Several examples about TE exaptation are available in the plant kingdom as well. In Arabidopsis, FHY3 and FAR3 are transcription factors, related to the MuDR family of transposases, that bind to promoter regions and activate several genes involved in far-red light and circadian clock signalling (Hudson et al. 2003; Lin et al. 2007).

A recent study in Arabidopsis has shown that the COPIA-R7 transposon, inserted into the plant disease resistance gene RPP7, enhances its host’s immunity to a pathogenic microorganism from a large group of fungus-like parasites that cause a number of plant diseases (Tsuchiya and Eulgem 2013). The Rim2 gene implicated in defence against fungal infection appears to have been directly exapted from part of a CACTA DNA TE element (He et al. 2000). The rice blast disease resistance gene Pit was refunctionalized by the recruitment of a copia-like LTR element as a promoter (Hayashi and Yoshida 2009).

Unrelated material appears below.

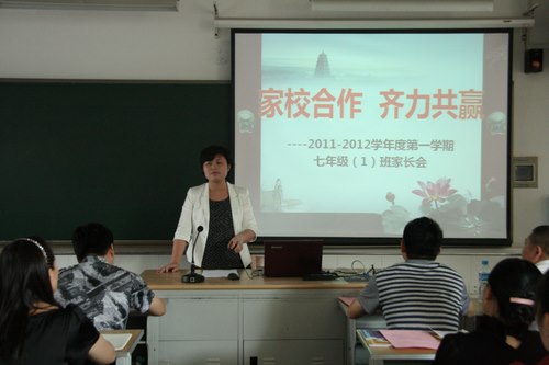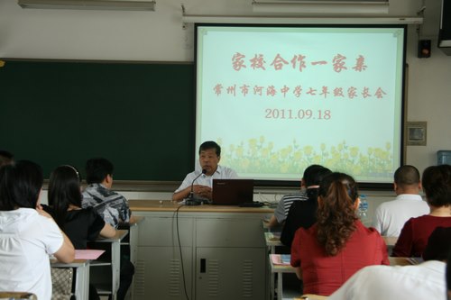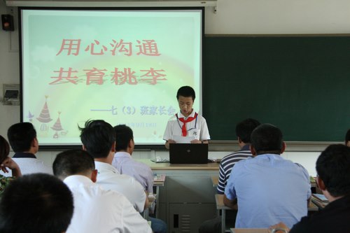 随后,各班结合自身情况开展了交流活动。各班主任根据学校要求与班级实况,以图文并茂的形式,给家长展示了新学期学生的成长表现,向家长介绍了爱生乐业的任课老师,与家长分享了治班理念、发展目标、班级特点,以方便家长更好地配合学校教育,形成家校合力。在交流过程中,学生代表和家长代表也分别谈了自己的想法。如七(3)班学生代表管仲毓这样说到,进入河海中学的短短三周,让他懂得了学校制度的严谨与规范,让他感受到了任课老师的热情与敬业,让他体会到了班级同学的温暖和团结,他快乐而充实着。七(1)班家长代表认为在家庭教育中要做一个智慧型的家长,注重孩子德行的培养,要认同孩子的天性,激励孩子个性的成长。有效的沟通,全面的分析,使家校之间达成了共识:以“关注变化、适应环境、习惯培养”为中心,创设和谐的校园环境,营造良好的家庭氛围,共同促进孩子的全面发展。

Relatively few data are available about the direct role of TEs in the processes of species domestication. An insertion of the TE Hopscotch in the regulatory region of the maize domestication gene, teosinte branched1 (tb1), acts as an enhancer of its expression and confers the increased apical dominance in maize compared to its progenitor, teosinte (Studer et al. 2011). Insertion of a CACTA-like transposon into the promoter of the gene ZmCCT, which modulate photoperiod sensitivity, can suppress its expression thus enhancing the spread of maize to long-day temperate regions (Yang et al. 2013). Mustang and Sleeper gene families present in flowering plants have sequences derived from exapted transposases from Mutator-like and hAT DNA elements, respectively (Joly-Lopez et al. 2012; Knip et al. 2012). Mustang genes are present only in the angiosperm lineage and encode putative transcriptional regulators that play important roles in growth, flower development and reproduction.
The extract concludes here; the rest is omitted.